Friday 22 February 2013

The Redundancy Angel

"I've been touched by the Redundancy Angel," Susannah told me last night. 
"Well there's one I haven't heard of before!" I replied.
"Yes!  Well, it's true, I was getting too complacent at things not working out for me," she added.
"What?!"
"Yes, some people might fight when everything is taken from them, and I haven't.  I think it's here to give me a shake up," she responded.

I have read that we lose our jobs when we have disengaged from them, when we have outgrown them but we are unwilling to move on.  It is a blessing, albeit another blessing in disguise!  Yet it can be so terribly hard to feel that way about it when we first get the news. 

I remember being made redundant many, many years ago: the shame, the embarrassment, the fear for the future, and the quiet knowing that it was the right thing, for both the company and myself.  It proved to be a turning point.  I retrained and moved into a completely different field.

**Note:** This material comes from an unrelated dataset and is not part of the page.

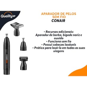 Ficha Técnica: • Marca: Conair • Linha: ConairMAN • Modelo: Aparador de Orelha e Nariz com lâmina 360° • Tipo de uso: Aparador facial (nariz e orelha) • Alimentação: 1 pilha AA (não inclusa) • Tipo de lâmina: - Chanfrada de 360° (pendente de patente) - 3 chanfros em forma de diamante - Corta de vários ângulos (superior, médio e inferior) • Material da lâmina: Aço inoxidável • Design: Compacto, portátil e ergonômico • Cor: Preto • Uso a seco: Sim • Cabeça lavável: Sim, removível e lavável com água corrente • Peso aproximado: 0,108 g • Garantia: 12 meses (fabricante)

Life is infinitely gracious.  The more I walk my path with honesty and integrity, the more I see that grace, especially in the face of so-called disasters.  We are held in great love and behind every event that scares us, that troubles us, that intimidates us is the guiding hand of love.  Over lifetimes it rebalances our experiences with infinite kindness and compassion, bringing us to the point where we finally are ready to blossom into love.  To remember who we truly are and always have been, love.  Divine love.

Tuesday 19 February 2013

Blessing deep and wide

Blessings seem to have gone out of fashion. I often feel a bit like an old woman when I talk about blessings, and yet nothing could be further from the truth.

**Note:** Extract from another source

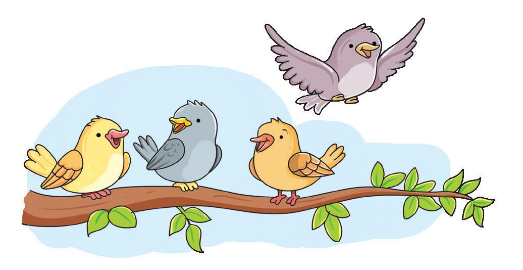 Four birds are sitting on a branch. One bird flies away. How many are left?

I once read the story of a woman who was in a car accident.  She left her body and meet an angel who traveled with her above the tailback her accident had caused on the motorway.  In all the cars she saw angry, anxious people, annoyed at the delay to their journey.  In all the cars, except one.  In that one car a woman sat quietly blessing all involved in the accident, whether directly or indirectly.  She and her car radiated light.  The lady made a mental note of the car registration and when she recovered she went and found that woman to thank her for her blessing, as they had speeded her recovery and to tell her how powerful her blessing had been.

I love that blessing woman!  I want to be that woman: the person who, when everyone else is angry and annoyed, is centred and spreading love; mind you, it's even better if we are all spreading love!

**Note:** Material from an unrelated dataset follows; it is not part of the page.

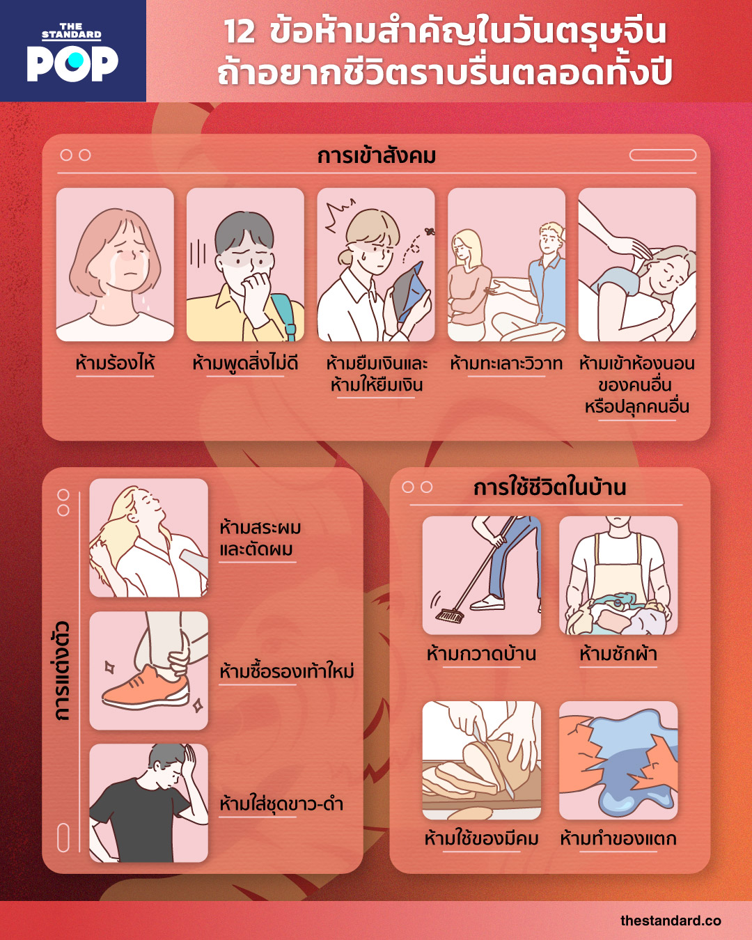 เมื่อถึงเทศกาลตรุษจีน เทศกาลแห่งความมงคล นอกจากการรวมตัวกันในครอบครัวไหว้เจ้าและไหว้บรรพบุรุษแล้ว เทศกาลตรุษจีนยังมีข้อห้ามสำคัญทางความเชื่ออยู่หลายข้อเพื่อชีวิตที่ราบรื่นตลอดทั้งปี เราได้รวบรวมข้อห้ามในวันตรุษจีนมาให้ พร้อมแบ่งเป็นหมวดหมู่ ทั้งการเข้าสังคม การแต่งตัว และการใช้ชีวิตในบ้าน ว่ามีเรื่องอะไรที่ต้องระวังไม่ให้เผลอไปทำบ้าง

So I bless accidents, people who look sad in the street, houses where I hear shouting, crying children... the obvious people and situations.  But I also bless deep and wide (well, that's my fancy term for it).

When sitting on the underground, I send a blessing to everyone who has sat in that seat, ever.  And everyone one who will ever sit in the seat.  And ride that train.  Then I think about everyone who rides any train, anywhere in the world; we are connected by the same activity though we are on different corners of the world and have never met.  I bless them.  Then I think back in time to all the people who have ever ridden any train, and I bless them.  Then I think forward to all future train users, and I bless them. 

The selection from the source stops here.